Minimum spanning tree

September 16, 2023·10 minutes of reading

A graph is a connected set

Developers use sets to uniquely store elements and avoid wasting storage and processing time. In mathematics a set is a collection of items that share the same type and are uniquely identifiable. For example R is the set of all real numbers.

Sets are of course not limited to primitive types. There can be a set of cities, planets, universe or any other type. The contract for defining a custom set is to uniquely distinguish any element in the set from rest. In Java and also Kotlin, this contract is defined as the implementation of the equals and hashCode methods. If you are Kotlin developer and using data classes then you don't have to explicitly define the aforementioned methods because they are autogenerated by the compiler.

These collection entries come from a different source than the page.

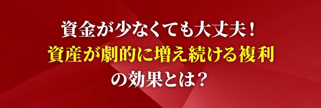 もちろんできます。確かに資金が多ければ多いほど利益額は大きくなりますが、 最初の資金が少なくても投資をすることで増えていきますから安心してください。 それほど複利の効果というのはすごいのです。
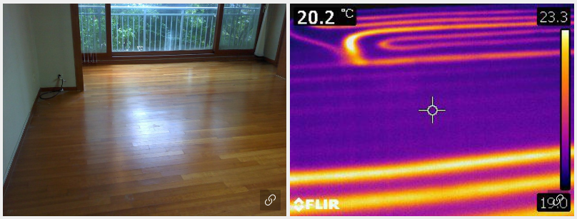 아래의 사진은 욕실1번앞 복도의 바닥난방배관 열화상 카메라 사진입니다
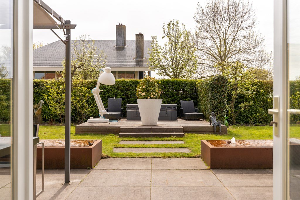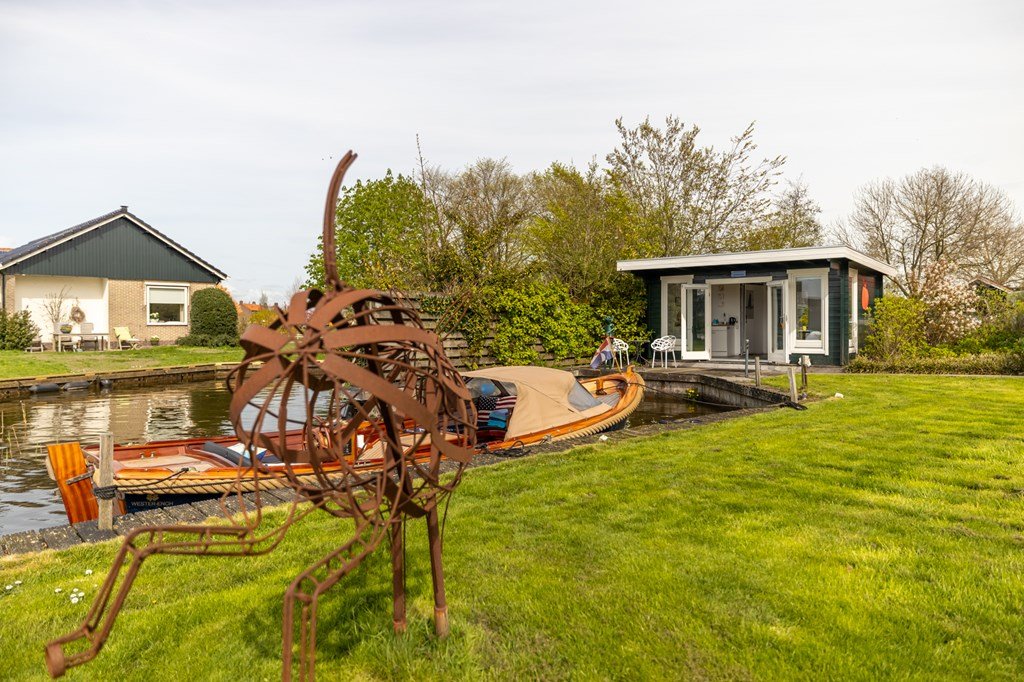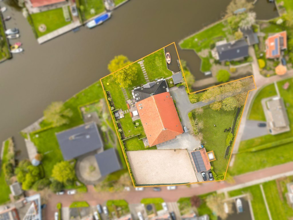 Het geheel staat op een royaal perceel van maar liefst 4.240 m² en beschikt over circa 40 meter eigen oever. De aanwezige insteekhaven biedt ruimte aan meerdere boten. De fraai aangelegde tuin met diverse fruitbomen, een gedraineerde paardenbak en een vrijstaande garage met plaats voor vier auto’s maken het buitenleven hier compleet.
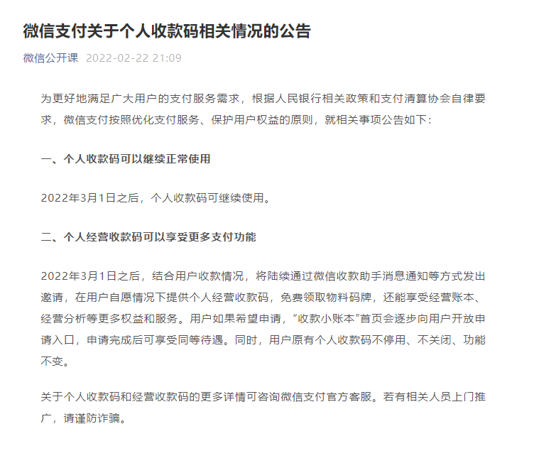 2022年3月1日之后,個(gè)人收款碼可繼續(xù)使用。
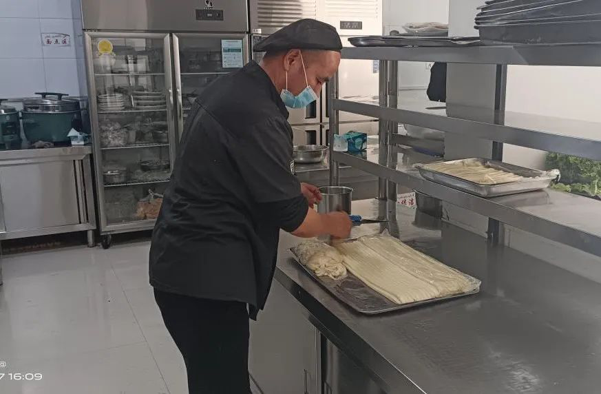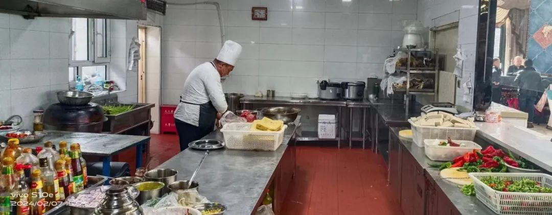 从业资质齐全并公示;后厨干净,油烟机无积垢、排水沟无积水,地面无油渍,餐饮用具符合消毒保洁要求,操作台面整体卫生良好;冷藏设施内摆放整齐,明显位置张贴反食品浪费标识。
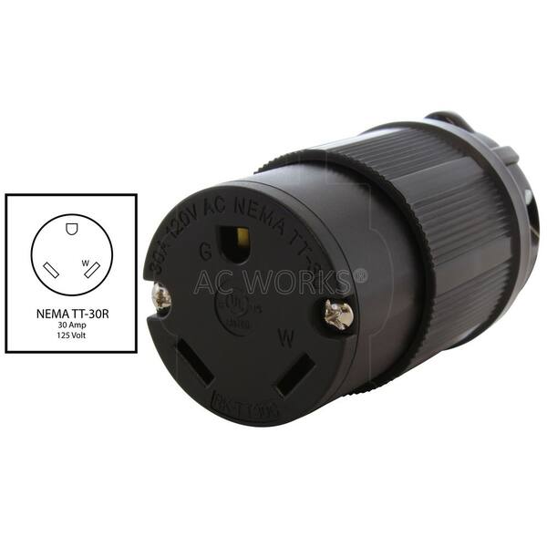 30 Amp RV Travel Trailer NEMA TT-30R Straight-Style Replacement Female Connector
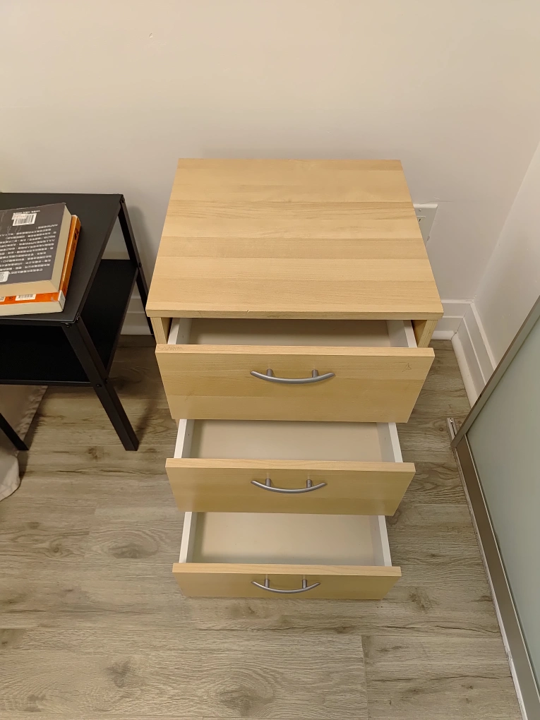 410nightstand with 3 drawers in good condition. 16 x 16 x 22 inches. Located near Eaton Centre downtown Toronto.
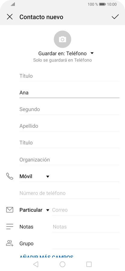 Sigue las indicaciones de la pantalla para añadir más información como, por ejemplo, la dirección de correo electrónico y el timbre de llamada personal.
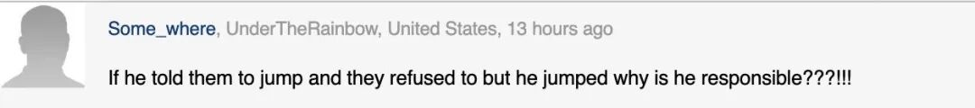 “如果他告诉他们跳而他们拒绝但他跳了,为什么他要负责???!!!”
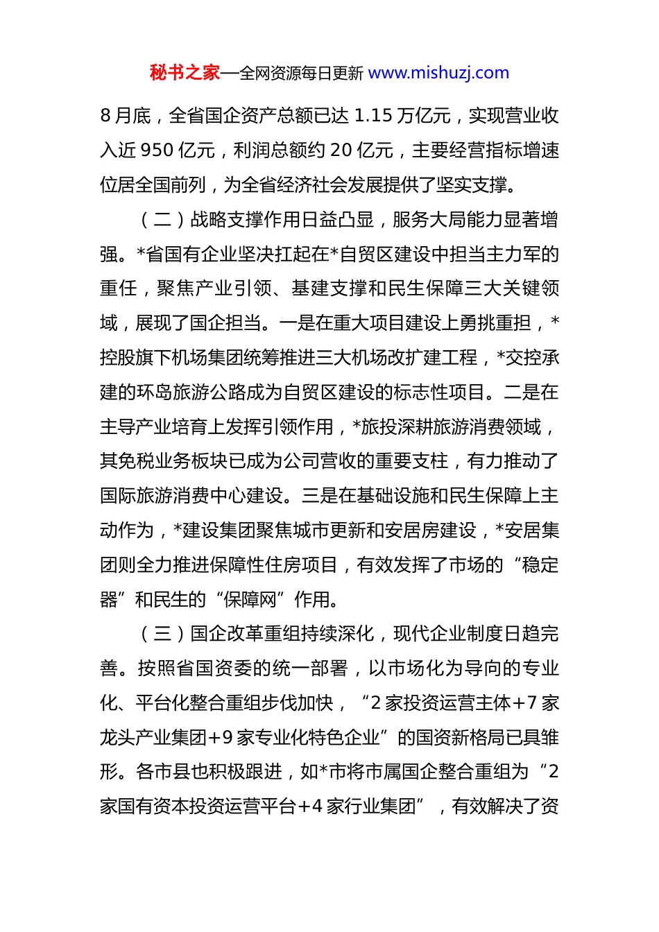 秘书之家—全网资源每日更新 www.mishuzj.com关于全省国有企业落实“两个一以贯之”将党的领导融入公司治理情况的调研报告 为深入贯彻落实习近平总书记关于国有企业改革发展和党的建设的重要论述,特别是关于“两个一以贯之”的重要指示精神,我们围绕*省国有企业将党的领导融入公司治理的实际情况开展了专题调研。本次调研通过座谈访谈、查阅资料等方式,对省内部分重点国有企业进行了深入了解,旨在总结经验、分析问题、提出对策,以期推动我省国有企业治理体系和治理能力现代化迈上新台阶。一、基本情况近年来,*省委、省政府高度重视国资国企工作,将其置于*自贸区建设的全局中统筹推进,全省国有企业紧抓改革机遇,发展步入快车道,战略支撑作用日益凸显。(一)总体规模稳步增长,发展质量持续提升。近年来,*省国有企业资产规模和效益实现跨越式增长。数据显示,2022 年省国资委重点监管企业资产总额首次突破4000 亿元大关,相较于 2020 年前,资产超百亿的企业数量大幅增加,彻底改变了过去“小、散、弱”的局面。截至 2024 年底,全省国有企业资产总额已突破 1 万亿元。进入 2025 年,增长势头不减,据初步统计,截至 2025 年秘书之家—全网资源每日更新 www.mishuzj.com8 月底,全省国企资产总额已达 1.15 万亿元,实现营业收入近 950 亿元,利润总额约 20 亿元,主要经营指标增速位居全国前列,为全省经济社会发展提供了坚实支撑。(二)战略支撑作用日益凸显,服务大局能力显著增强。*省国有企业坚决扛起在*自贸区建设中担当主力军的重任,聚焦产业引领、基建支撑和民生保障三大关键领域,展现了国企担当。一是在重大项目建设上勇挑重担,*控股旗下机场集团统筹推进三大机场改扩建工程,*交控承建的环岛旅游公路成为自贸区建设的标志性项目。二是在主导产业培育上发挥引领作用,*旅投深耕旅游消费领域,其免税业务板块已成为公司营收的重要支柱,有力推动了国际旅游消费中心建设。三是在基础设施和民生保障上主动作为,*建设集团聚焦城市更新和安居房建设,*安居集团则全力推进保障性住房项目,有效发挥了市场的“稳定器”和民生的“保障网”作用。(三)国企改革重组持续深化,现代企业制度日趋完善。按照省国资委的统一部署,以市场化为导向的专业化、平台化整合重组步伐加快,“2 家投资运营主体+7 家龙头产业集团+9 家专业化特色企业”的国资新格局已具雏形。各市县也积极跟进,如*市将市属国企整合重组为“2家国有资本投资运营平台+4 家行业集团”,有效解决了资秘书之家—全网资源每日更新 www.mishuzj.com源分散、同质化竞争等问题。通过国企改革三年行动,绝大多数企业已基本建立起权责清晰、运转协调、有效制衡的现代企业制度,董事会应建尽建,法人治理结构得到根本性优化。二、主要做法与经验*省国有企业在改革发展中取得的显著成效,根源在于始终坚持党的领导、加强党的建设。各企业深入落实“两个一以贯之”要求,探索出了一系列将党的领导融入公司治理的有效做法。(一)强化顶层设计,确保党的领导全面制度化。一是普遍完成“党建入章”工作。调研企业均已将党建工作要求写入公司章程,明确了党组织在公司法人治理结构中的法定地位,为党组织发挥作用提供了根本制度保障。章程中详细规定了党组织的职责权限、机构设置、运行机制、经费保障等内容,使党的领导有章可循、有规可依。二是清晰界定各治理主体权责边界。各企业普遍按照“党委(党组)把方向、管大局、保落实,董事会定战略、作决策、防风险,经理层谋经营、抓落实、强管理”的原则,制定或修订了党委会、董事会、总经理办公会议事规则,厘清了各自的权责边界。通过建立权责对等、运转协调、有效制衡的决策执行监督机制,避免了党委包揽一切秘书之家—全网资源每日更新 www.mishuzj.com或虚化弱化的问题。三是完善“三重一大”决策制度。各企业结合实际,制定了“三重一大”决策事项清单,明确了重大决策、重要人事任免、重大项目安排和大额资金运作的具体范围和标准。同时,规范决策程序,要求“三重一大”事项必须经党委会前置研究讨论,再由董事会或经理层按法...

Below is an example of a data class:

data class City(val id: Int, val name: String, val countryCode: String, latitude: Float, longitude: Float)

Getting back to the main topic of discussion, given a undirected graph made of a set of City. Each edge (or road) has an associated weight that measures how damaged the road is. As as a developer working on the software for managing cities maps, you are required to develop a feature for removing the most damaged roads from a given city. Your inputs are a list of Road(src, dest, damage) and the number of cities, and the output is the new list of roads.

fun removeDamagedRoads(roads: List<Road>, n: Int): List<Road> {
    // Implementation goes here
}

Solving the problem

There are two important sub-problems to solve:

Higher-weight roads must be removed if there is a lower weight path connecting the two cities.
Connected cities must be grouped together into subsets.

Solving the first sub-problem is easy. We sort the roads in an ascending order so we always process the least damaged roads first:

fun removeDamagedRoads(roads: List<Road>, n: Int): List<Road> {
    val sortedRoads = roads.sortBy(Road::damage)
    ...
}

As for the second point, the Disjoint-set data structure does a very good job of grouping sets.

A disjoint-set is similar to a linked list in the sense that it links its underlying elements together, except that the child-parent relationship is modelled via an identifier instead of an object reference for linked lists.

There are three operations in a Disjoint-set: create, find and union. For the latter we will use a union-by-rank approach.

class DisjointSet {

    companion object {
        const val NODE_NOT_FOUND = -1
        const val INITIAL_RANK = 0
    }

    private val parents = mutableMapOf<Int, Int>() // A mapping of nodeId to parentId
    private val ranks = mutableMapOf<Int, Int>() // A mapping of nodeId to rank (the higher the rank, the closer the node is to the root)

    fun create(nodeId: Int) {
        if (nodeId !in parents) {
            parents[nodeId] = nodeId // Initially each node is a parent of itself
            ranks[nodeId] = INITIAL_RANK
        }
    }

    fun find(nodeId: Int): Int {
        return when (nodeId) {
            !in parents -> PARENT_NOT_FOUND
            parents[nodeId] -> nodeId
            else -> find(parents[nodeId]!!)
        }
    }

    func union(node1Id: Int, node2Id: Int): Boolean {
        var root1 = find(node1Id)
        var root2 = find(node2Id)
        if (root1 != NODE_NOT_FOUND && root1 != root2) {
            var rank1 = ranks[root1] ?: INITIAL_RANK
            var rank2 = ranks[root2] ?: INITIAL_RANK
            if (rank2 > rank1) {
                // root1 should always be the highest ranking node
                root2 = root1.apply { root1 = root2 }
                rank2 = rank1.apply { rank1 = rank2 }
            }
            // Make root1 parent of root2
            parents[root2] = root1
            if (rank1 == rank2) {
                ranks[root1] = rank1 + 1
            }
            return true
        }
        return false
    }
}

The find and union operations both require O(N) time and space complexities since the former uses recursion and the call-stack consumes space and the latter is dependent upon the former.

We can now go back to our main function and update it as follows:

fun removeDamagedRoads(roads: List<Road>, n: Int): List<Road> {
    val sortedRoads = roads.sortBy(Road::damage)
    val disjointSet = DisjointSet()
    for (i in 0 until n) {
        disjointSet.create(i)
    }
    val updatedRoads = mutableListOf<Road>()
    for (road in updatedRoads) {
        if (disjointSet.union(road.src, road.dest)) {
            // The two cities were united under the same set so their road must be kept
            updatedRoads.add(road)
        }
    }
    return updatedRoads
}

The above function is in fact an implementation of the Kruskal's algorithm for finding the minimum spanning tree.

The core of the Kruskal's algorithm is the disjoint-set data structure which is a often used to partition sets.

That's it for this tutorial, I hope you learned something new. Let me know your thoughts, and whether you know a more efficient solution to the problem that we discussed.

Thanks for reading!